#### Source records:
=== Section Start ===

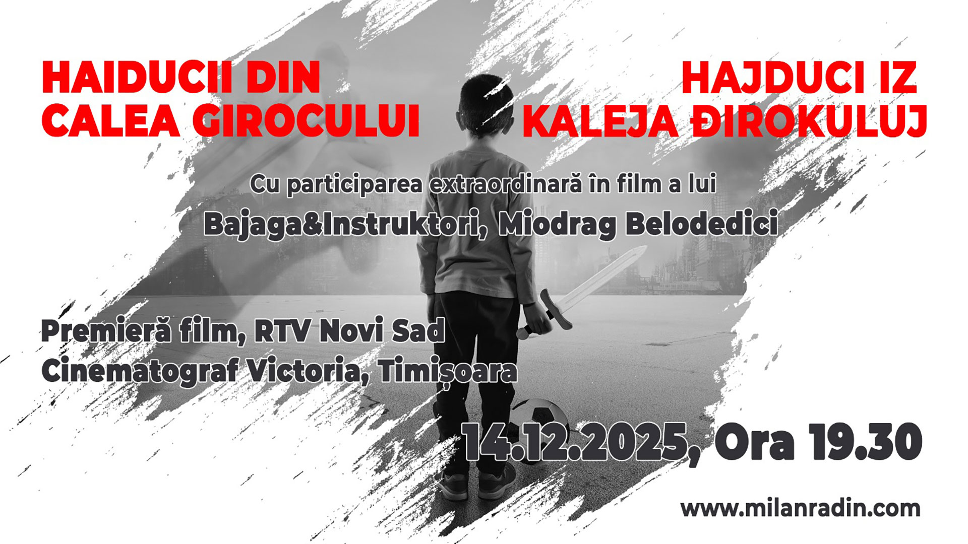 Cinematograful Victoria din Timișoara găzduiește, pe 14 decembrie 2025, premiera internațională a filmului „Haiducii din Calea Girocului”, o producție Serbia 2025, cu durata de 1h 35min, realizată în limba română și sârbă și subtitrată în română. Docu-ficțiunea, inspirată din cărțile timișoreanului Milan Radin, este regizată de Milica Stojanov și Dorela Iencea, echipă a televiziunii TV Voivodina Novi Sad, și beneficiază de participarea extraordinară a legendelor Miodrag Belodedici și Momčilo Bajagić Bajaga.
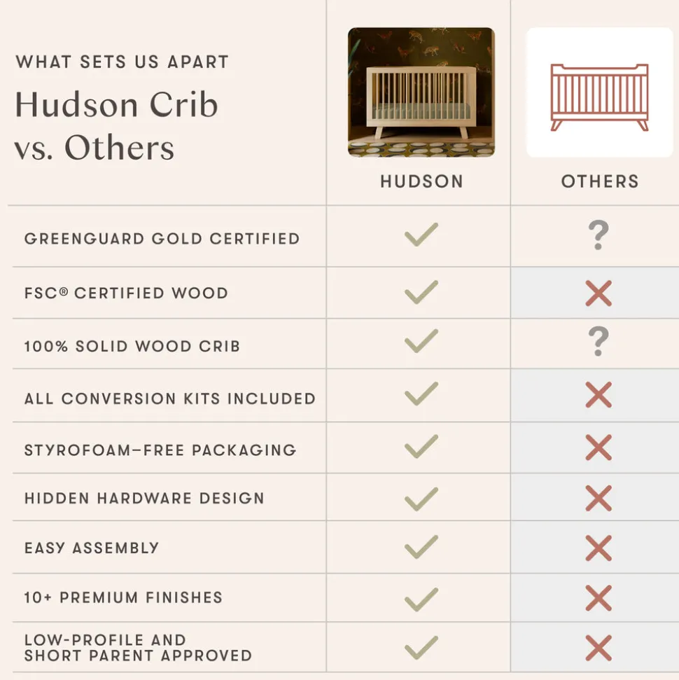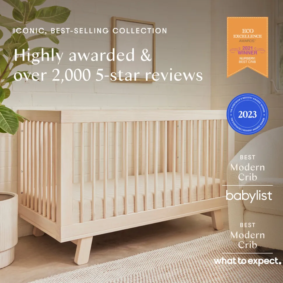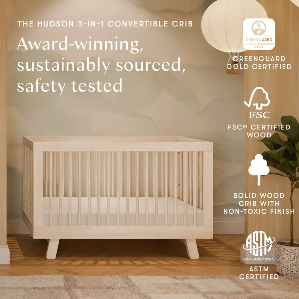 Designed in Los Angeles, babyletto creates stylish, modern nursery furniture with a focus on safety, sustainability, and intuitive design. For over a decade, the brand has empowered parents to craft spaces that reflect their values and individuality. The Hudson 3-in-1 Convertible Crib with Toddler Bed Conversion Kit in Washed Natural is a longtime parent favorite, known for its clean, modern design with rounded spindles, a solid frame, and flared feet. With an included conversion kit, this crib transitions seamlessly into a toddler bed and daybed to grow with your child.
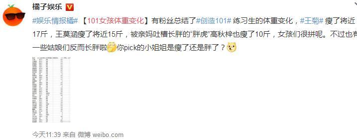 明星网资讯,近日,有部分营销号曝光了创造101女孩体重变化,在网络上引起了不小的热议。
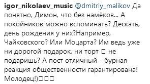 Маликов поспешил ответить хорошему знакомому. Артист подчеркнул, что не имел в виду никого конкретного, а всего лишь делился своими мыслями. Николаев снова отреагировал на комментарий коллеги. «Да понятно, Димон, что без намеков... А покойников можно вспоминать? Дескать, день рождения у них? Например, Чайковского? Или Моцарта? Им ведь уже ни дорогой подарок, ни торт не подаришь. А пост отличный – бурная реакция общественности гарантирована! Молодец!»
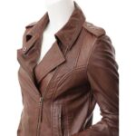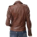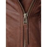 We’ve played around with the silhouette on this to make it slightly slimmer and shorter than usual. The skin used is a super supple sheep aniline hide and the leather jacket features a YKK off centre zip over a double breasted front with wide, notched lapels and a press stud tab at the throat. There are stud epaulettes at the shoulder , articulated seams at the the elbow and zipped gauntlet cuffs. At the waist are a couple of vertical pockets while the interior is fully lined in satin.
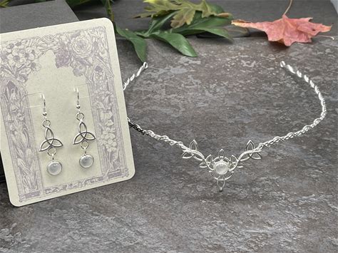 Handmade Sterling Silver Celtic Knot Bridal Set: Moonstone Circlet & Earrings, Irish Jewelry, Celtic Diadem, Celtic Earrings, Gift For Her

=== Section End ===

#### WHAT TO WORK ON:
Pick up at the line containing "明星网资讯,近日,有部分营销" and copy each line exactly until the data ends, including that last line; copy no pictures.

#### SOLUTION TO THE EXERCISE:
 明星网资讯,近日,有部分营销号曝光了创造101女孩体重变化,在网络上引起了不小的热议。
 Маликов поспешил ответить хорошему знакомому. Артист подчеркнул, что не имел в виду никого конкретного, а всего лишь делился своими мыслями. Николаев снова отреагировал на комментарий коллеги. «Да понятно, Димон, что без намеков... А покойников можно вспоминать? Дескать, день рождения у них? Например, Чайковского? Или Моцарта? Им ведь уже ни дорогой подарок, ни торт не подаришь. А пост отличный – бурная реакция общественности гарантирована! Молодец!»
 We’ve played around with the silhouette on this to make it slightly slimmer and shorter than usual. The skin used is a super supple sheep aniline hide and the leather jacket features a YKK off centre zip over a double breasted front with wide, notched lapels and a press stud tab at the throat. There are stud epaulettes at the shoulder , articulated seams at the the elbow and zipped gauntlet cuffs. At the waist are a couple of vertical pockets while the interior is fully lined in satin.
 Handmade Sterling Silver Celtic Knot Bridal Set: Moonstone Circlet & Earrings, Irish Jewelry, Celtic Diadem, Celtic Earrings, Gift For Her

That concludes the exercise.